You can opt for thick mushrooms such as king oyster or lion’s mane, or crunchy vegetables such as daikon radish, broccoli florets, or baby corn. Just make sure you keep an eye on timing for all of these ingredients: The vegetables can’t be simmered for too long, as they’ll become soggy and disintegrate.

Also, make sure you’re not overcrowding your pot. Add the ingredients in batches, and stagger them so that they’re not all simmering in there together.
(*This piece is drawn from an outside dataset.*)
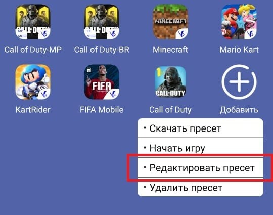 6. После того, как игра запущена, сверните её и перейдите в приложение Shootingplus V3. Снова нажмите на иконку игры и выберите пункт «Редактировать пресет»;
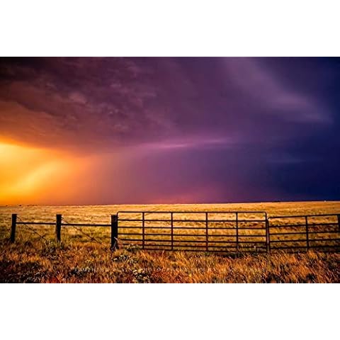 Storm Photography Print (Not Framed) Picture of Colorful Stormy Sky Over Fence Gate on Summer Evening in Oklahoma Thunderstorm Wall Art Western Decor (4″ x 6″)

How to Reuse the Braising Liquid

The braising liquid can be reused indefinitely, and with each subsequent braise, the flavors will get increasingly intense. To reuse, strain the liquid from a sieve into a food-safe storage container, discard the spices, and refrigerate the liquid for up to a week or freeze it in a tightly sealed container. (Foods can be safely frozen indefinitely, but flavor can suffer over time, so you should ideally use your frozen braising liquid within three months.) If you’re running low on the liquid, top it off with more water. I like to keep a frozen block of leftover braising liquid in the freezer at all times. To use it, I just defrost it and, if I have a fresh batch on the stove, I will marry the two.

How to Serve the Braised Foods

Traditionally, these braised ingredients are served as cold appetizers—something to hold the table over while the main meal is being prepped. I, however, am perfectly content enjoying the braise as a meal on its own with rice or even incorporating the individual elements into other dishes. 

I often cut up the beef shanks and eat them with dry sesame noodles and chili crisp, and serve the braised kelp, tofu, and egg on top of egg fried rice drizzled with diluted sweet soy paste. There’s really no right or wrong way to eat it; think of it as a living, dynamic asset to your home kitchen. It’s easily adaptable, and best of all: It gets better the more you use it.

In a large bowl, cover dried kombu with water, and soak until pliable, about 30 minutes. Lift kombu out of the bowl; reserve liquid for another use. (See notes below for suggestions on using the reserved liquid.) If rehydrated kombu pieces are more than 12 inches (30 cm) long, cut each in half cross-wise. Lay kombu pieces on cutting board, roll each piece tightly, and pierce a toothpick through each roll to secure; set aside.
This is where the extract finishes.